Berman, Wicks, Kotha, and Jones (1999)

Berman, Shawn L., Andrew C. Wicks, Suresh Kotha, and Thomas M. Jones. "Does Stakeholder Orientation Matter? An Empirical Examination of the Relationship Between Stakeholder Management Models and Firm Financial Performance." Academy of Management Journal, October 1999.

Investigates the impact of stakeholder relationships (using data from the KLD Socrates database) on the financial performance (return on assets, from the Compact Disclosure 1997 database) of 81 publicly traded members of the Fortune 100 for the 1991-1996 time period.

The social factors used as independent variables are Community, Diversity, Employees, Natural Environment, and Product Safety. Several financial variables (termed "strategy variables" are use. These include selling intensity (SG&A / Sales), capital expenditures (capex/sales), efficiency (cost of goods sold / sales), and capital intensity (assets / number of employees).

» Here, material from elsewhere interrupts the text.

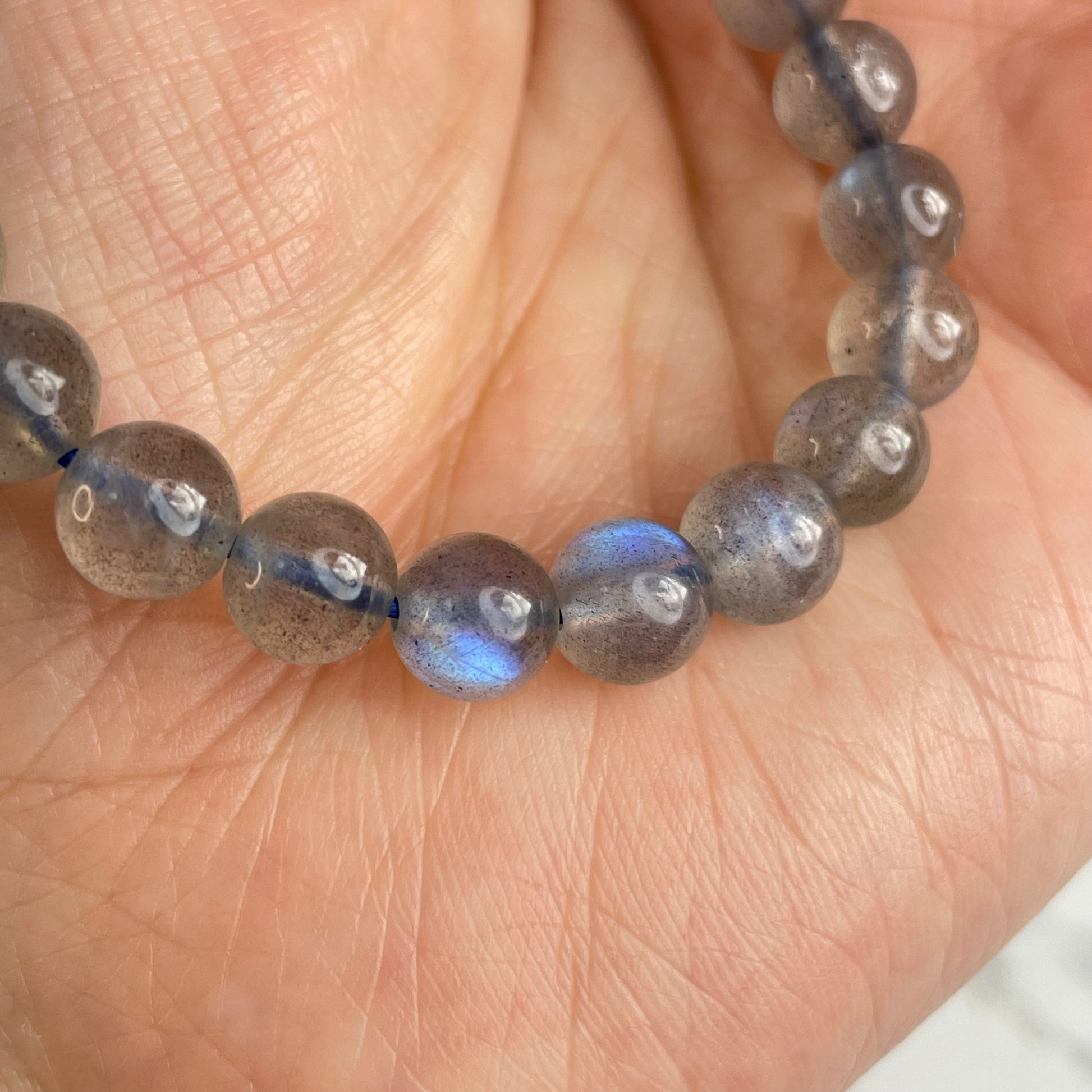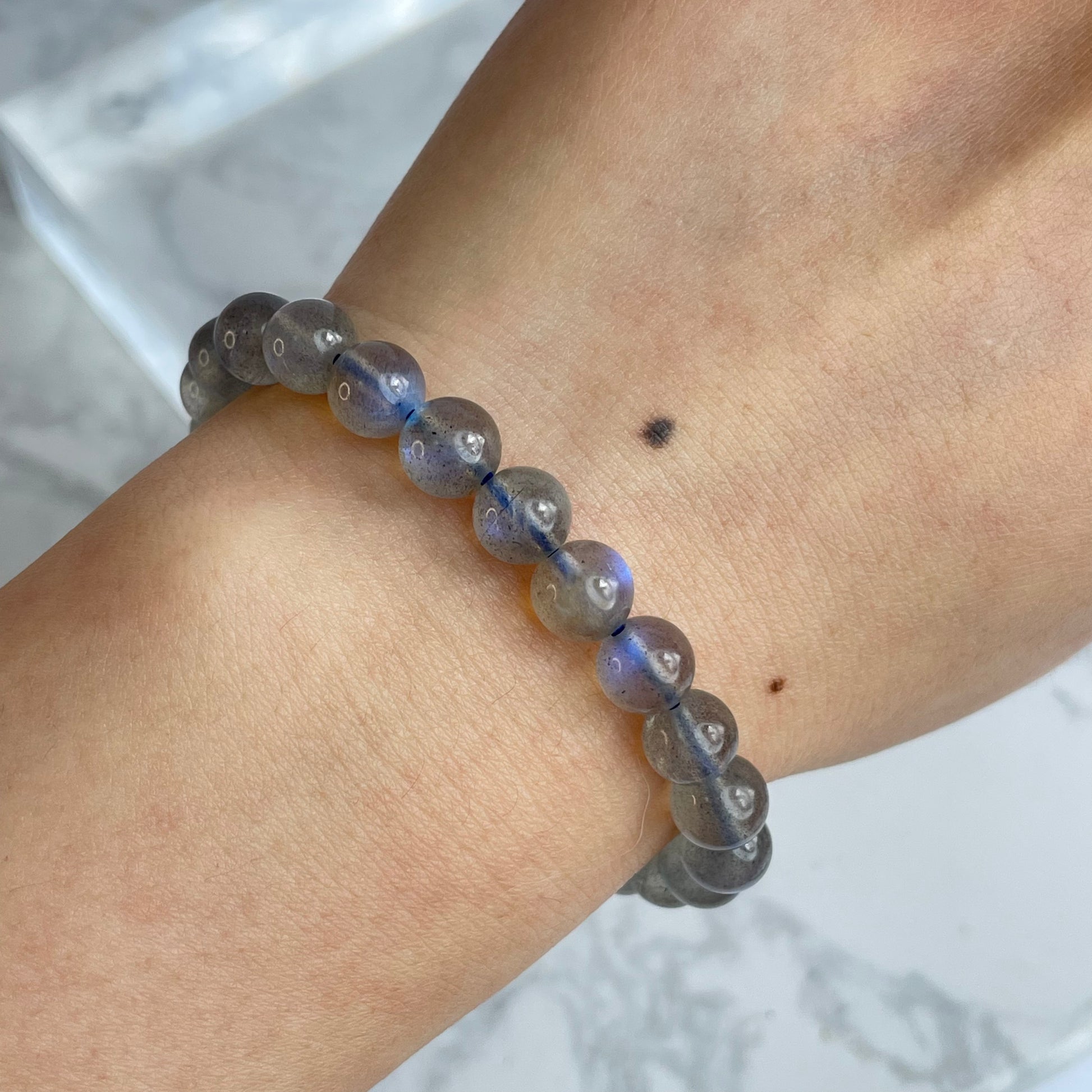 This natural Labradorite bracelet features beautiful blue flashes under light, like veils of moonlight dancing across a twilight sky. Its mystical energy helps enhance intuition, deflect negative energies, and strengthen your inner vision. An ideal talisman for spiritual seekers and creatives alike.

In addition, three operating environment variables are employed - "dynamism" (an industry sales variability measure), "munificence" (industry sales growth), and "power" (a measure of market concentration).

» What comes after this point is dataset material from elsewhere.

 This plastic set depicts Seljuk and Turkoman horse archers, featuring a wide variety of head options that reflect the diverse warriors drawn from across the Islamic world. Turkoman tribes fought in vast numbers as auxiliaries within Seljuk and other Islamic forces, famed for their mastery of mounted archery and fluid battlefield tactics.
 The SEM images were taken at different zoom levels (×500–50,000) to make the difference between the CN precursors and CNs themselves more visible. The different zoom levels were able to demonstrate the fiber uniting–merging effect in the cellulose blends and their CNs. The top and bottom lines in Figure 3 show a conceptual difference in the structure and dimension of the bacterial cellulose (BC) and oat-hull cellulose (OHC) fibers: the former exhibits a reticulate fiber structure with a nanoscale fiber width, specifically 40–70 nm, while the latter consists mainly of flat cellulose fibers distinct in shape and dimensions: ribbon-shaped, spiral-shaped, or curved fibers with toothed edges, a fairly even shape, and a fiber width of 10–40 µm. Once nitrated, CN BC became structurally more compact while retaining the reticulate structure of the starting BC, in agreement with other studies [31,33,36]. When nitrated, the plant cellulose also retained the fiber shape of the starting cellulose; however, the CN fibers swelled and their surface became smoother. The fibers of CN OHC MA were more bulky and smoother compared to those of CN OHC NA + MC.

The authors studied the impacts of these variables using a variety of regressions, some of which tested for interaction relationships. In the direct effects model, only two of the social factors, Employees (p<0.01) and Product Safety (p<0.05), had a statistically significant impact on return on assets. The other three social factors had insignificant direct effects on ROA, but were important in a "moderation" model (i.e., influenced other independent variables), suggesting that "the relationship between stakeholder relationships, strategy, and financial performance is more complex than suggested by the direct effects model."